How to complete this task – Your copy of the data should leave out the images and match everything else exactly.

Material provided –

::::::

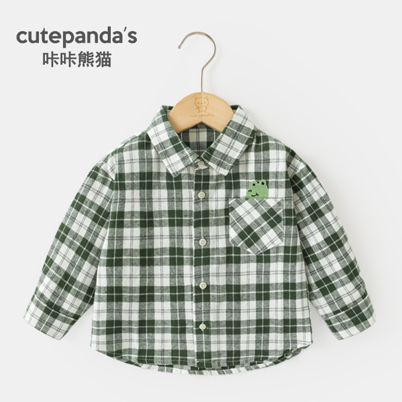 카카 팬더 어린이 긴팔 체크 셔츠 유아 봄옷 봄가을 남아 셔츠 여아 아기 상의 아동복스토어 가기
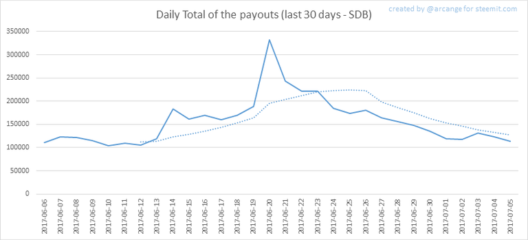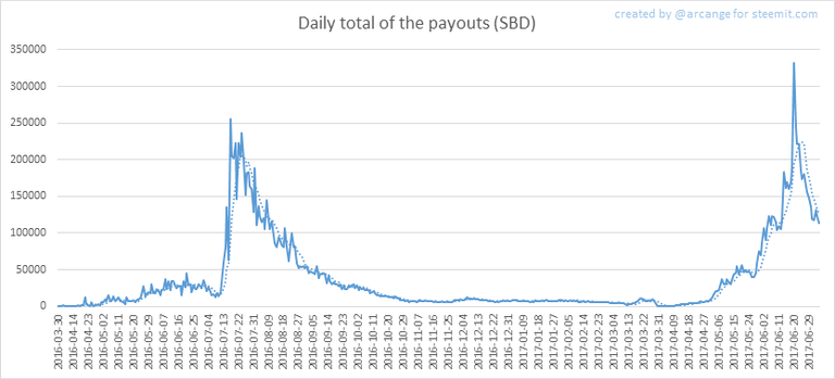 These graphs show the total of the distributed payout (posts and comments) for each day.
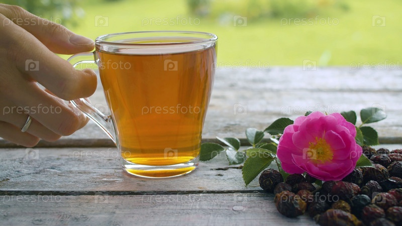 Рука крупным планом ставит стеклянную чашку отвара шиповника на старый деревянный стол на открытом воздухе. Сушеные плоды шиповника и цветок шиповника на столе. Концепция фитотерапии

::::::

Solution for this task –
 카카 팬더 어린이 긴팔 체크 셔츠 유아 봄옷 봄가을 남아 셔츠 여아 아기 상의 아동복스토어 가기
 These graphs show the total of the distributed payout (posts and comments) for each day.
 Рука крупным планом ставит стеклянную чашку отвара шиповника на старый деревянный стол на открытом воздухе. Сушеные плоды шиповника и цветок шиповника на столе. Концепция фитотерапии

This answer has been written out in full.